“The Quartering Act was where [British soldiers] basically lived in your home. But also, I don’t get how it was like a tax?”
8th Grade Historians are studying events that led up to the American Revolution, exploring various sources to understand the motivations and momentum behind this critical junction in the creation of the United States. Using their knowledge of British Parliamentary actions in the 1760s, students worked with assigned seat partners in short discussion to assemble what they already knew about mounting tension in the Colonies against British rule. Questions and facts about the Townshend Act, Stamp Act, Boston Massacre, French & Indian War, and more were shared. “The colonists were mad because they had land to the west of the Appalachians and Britain says they can’t cross the line they’ve drawn. I’d be mad too.”
The colonists were mad because they had land to the west of the Appalachians and Britain says they can’t cross the line they’ve drawn. I’d be mad too.
Their teacher challenged them to consider alternate theories: “That version of the events is the most common and probably the most easy to understand as a cause of the Revolution. Our goal today and Friday is to read some alternate possible explanations for why or how it happened, to see history and events through more than one perspective.” With that, students read aloud a chapter from Howard Zinn’s Young People’s History of the United States about Bacon’s Rebellion of 1676, 100 years earlier. Within one class, students worked with partners to synthesize prior knowledge, read a chapter with an alternate claim, independently wrote a paragraph in which they selected a piece of evidence and made a claim about its impact on their understanding of “oppression” the Colonists experienced, and read their paragraphs aloud.

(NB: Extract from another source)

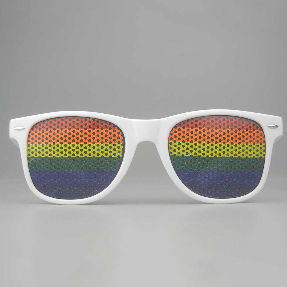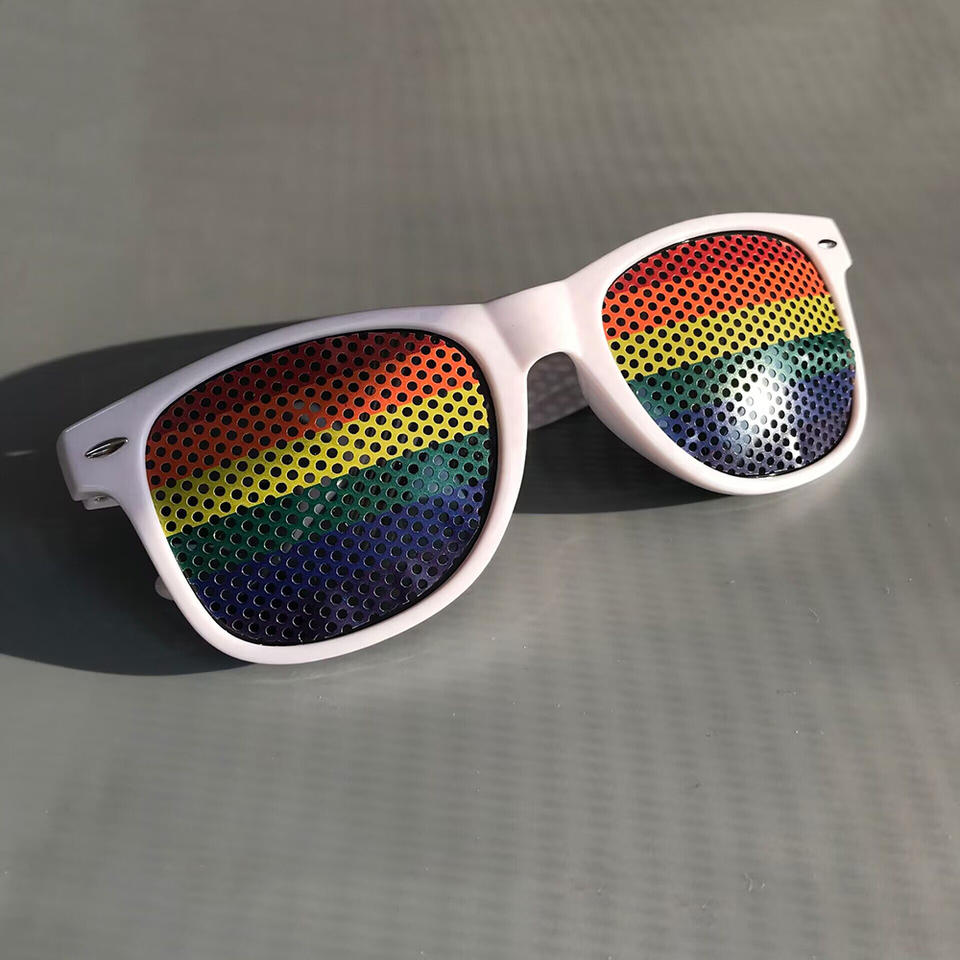 Lunettes de soleil à trou d'épingle personnalisées avec logo, monture rouge/violet/bleu, protection UV400, couleurs bonbon OEM, unisexe, pour adultes, promotions de fête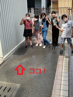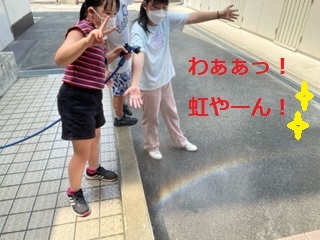 給食委員会では、各学級が給食を返しにきた後に給食室の周りをきれいにします。そんなときの一コマです。強い日差しに水‼一足早く夏を感じました。

In these structured exchanges of ideas, students gain fluency in essential historical and transdisciplinary reasoning skills: absorbing information in multiple modes, synthesizing and analyzing, building claims with evidence from shared texts, and re-considering claims with new information, perspective and persuasion of experts and peers. Learning the history that shaped this moment equips students to better appreciate current affairs, geography, politics and economy; learning it in this way develops their potential to carry out dialogue and lead decision-making into the future.